Dentre os destaques da última edição da São Paulo Fashion Week, mês passado, a Ponto Firme chamou a atenção não só pelo uso delicado da arte milenar do crochê em looks construídos a partir de materiais descartados e itens de doação, mas também pela história por trás da marca. Trata-se de um projeto social que capacita e ressocializa sentenciados e egressos do sistema penitenciário por meio da moda, com mais de 150 colaboradores no portfólio.A Ponto Firme é apenas uma das inserções de moda no cárcere que vem transformando a vida de homens e mulheres no Brasil. O projeto PanoSocial e a marca mineira Doisélles também têm ajudado a costurar novas narrativas na vida de sentenciados e egressos do sistema penitenciário nos últimos tempos.
Idealizado pelo estilista Gustavo Silvestre, de 42 anos, a Ponto Firme nasceu em 2015. A ideia era escapar do ritmo acelerado da indústria da moda e redescobrir o crochê, técnica enraizada na família do designer. “Minha mãe, avós e tia faziam crochê. Cresci vendo isso, mas existia muito preconceito, e elas nunca me ensinaram”, lembra o estilista. Na sequência do surgimento do projeto, ele foi convidado para dar aulas na Penitenciária Desembargador Adriano Marrey, em Guarulhos, conhecida pelas oficinas de teatro e música.
Apesar do ambiente masculino e machista, o estilista conta que os presidiários são receptivos e interessados em aprender. “A sala de aula é um respiro para eles. Da porta para dentro, são alunos”, analisa. No início, as aulas eram uma vez por semana e, além de certificado, os presos ganham remissão de pena a cada 12 horas trabalhadas.
Com o tempo, a oficina passou a acontecer duas vezes por semana e o trabalho desenvolvido ganhou corpo e volume. A Ponto Firme integra, desde 2017, a grade de desfiles da São Paulo Fashion Week. As criações dos encarcerados também já foram expostas na SP-Arte, na Pinacoteca de São Paulo e em Nova York.
Em sua maioria, o perfil dos detentos se repete: jovens, negros e periféricos, de 18 a 29 anos, presos por crimes ligados ao tráfico de drogas ou roubos e furtos. “A prisão por si só é uma contradição. Ninguém aprende a nadar fora da piscina, assim como ninguém aprende a viver em sociedade fora dela”, opina Luis Carlos Valois, de 53 anos, juiz, mestre e doutor em Direito Penal e criminologia pela USP. “Mais do que ressocializar, projetos sociais oferecem dignidade.”
A trajetória da estilista Raquell Guimarães, de 40 anos, se entrelaça com o crochê e provoca mudança de vida de encarcerados. Fundadora da marca Doisélles, Raquell procurava uma alternativa para sua produção, antes realizada por mulheres aposentadas. “Percebi que o artesanato era um hobby e não um trabalho de oito horas por dia. Elas faziam durante a folga. Então, frequentemente, tinha problemas de padronização, além de perder prazos e entregas”, conta.
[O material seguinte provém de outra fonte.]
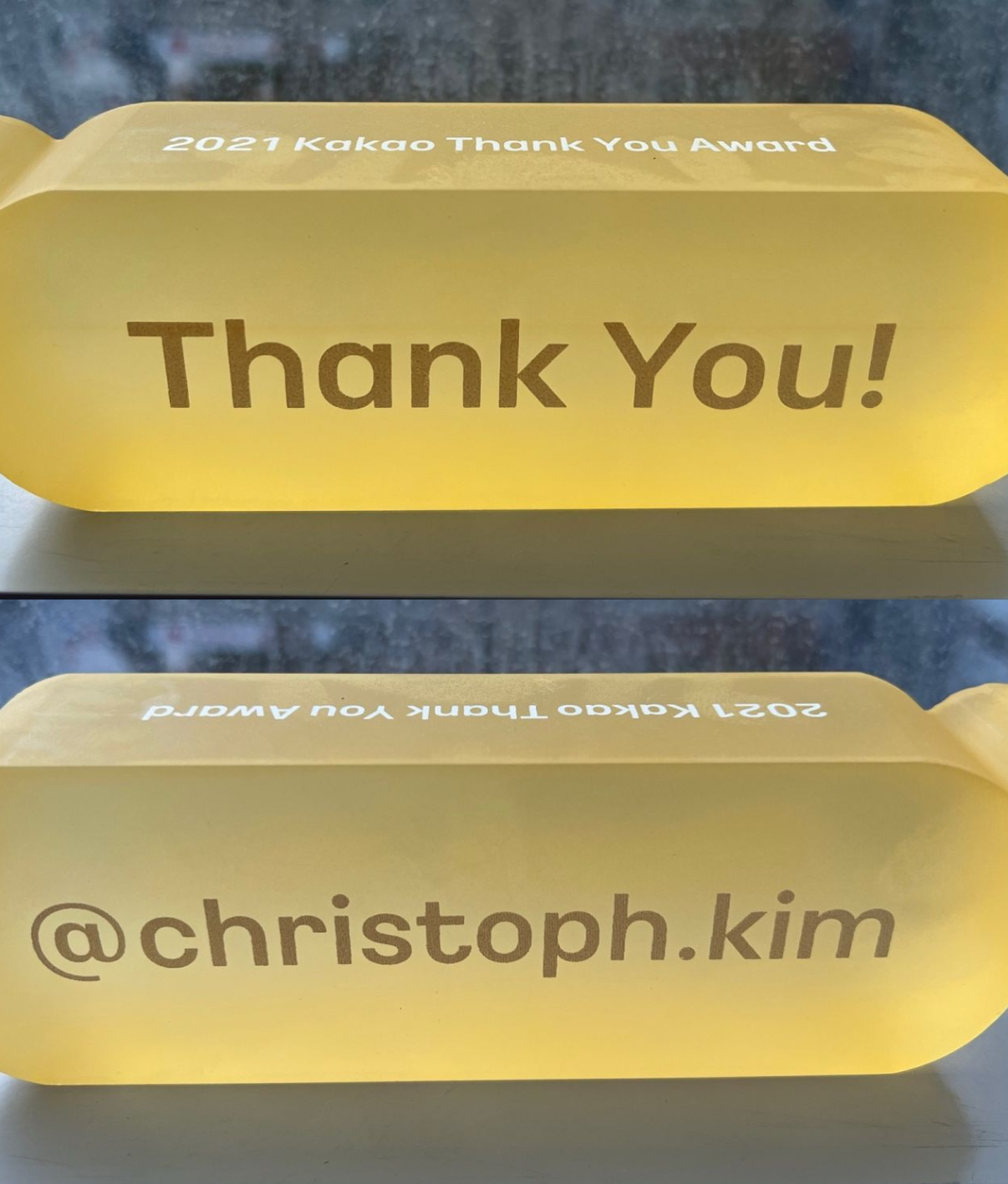 5년 반이라는 커리어에서 한 회사에 머문 가장 긴 기간을 거치며 카카오 구루에 3차례, 우수직원 표창인 Thank you award에도 선정되는 영광스러운 일도 있었습니다. 부족한 저를 좋게 봐주신 동료분들께 감사드립니다.

A busca por mão de obra especializada e comprometida somada a um episódio marcante no metrô de São Paulo — ela teve uma conversa emocionante com a a mãe de um detento do Complexo Penitenciário do Carandiru — deram origem ao projeto Flor de Lótus, em 2005. A inciativa de Raquell revolucionou o Pavilhão 1 da Penitenciária Professor Ariosvaldo de Campos Pires, em Linhares (MG). Ela ensinou os detentos a tricotarem em troca de remissão de pena e salário. “A gente dá uma segunda chance a quem não teve nem a primeira”, avalia.
Além dos detentos, há também os egressos, que lutam dobrado para serem inseridos no mercado de trabalho. E a situação não está fácil para ninguém, no Brasil, a expectativa de desemprego deste ano é de 14,5%, segundo a agência de classificação de risco Austin Rating. “Recomeçar uma nova vida é muito difícil. Não se encontra alguém que dê oportunidade para quem errou”, atesta Claudinei Ribeiro, de 49 anos, egresso que, atualmente, ministra a cooperativa de costura do Instituto Recomeçar.
Em São Paulo, a PanoSocial, cofundada por Natacha Barros, de 44 anos, tenta mudar essa realidade empregando ex-detentos em sua rede de produção de roupas e acessórios. A PanoSocial também é engajada em causas ambientais. A marca propõe o uso de matérias-primas ecológicas, como o algodão 100% orgânico, e adere a processos produtivos sustentáveis.
Sobre a realidade desigual do Brasil, a estilista reflete: “Ninguém nasceu para matar, roubar e traficar. Mostrar isso para quem consome nossas camisetas é uma grande motivação. A costura é o veículo e a ferramenta de transformação social”.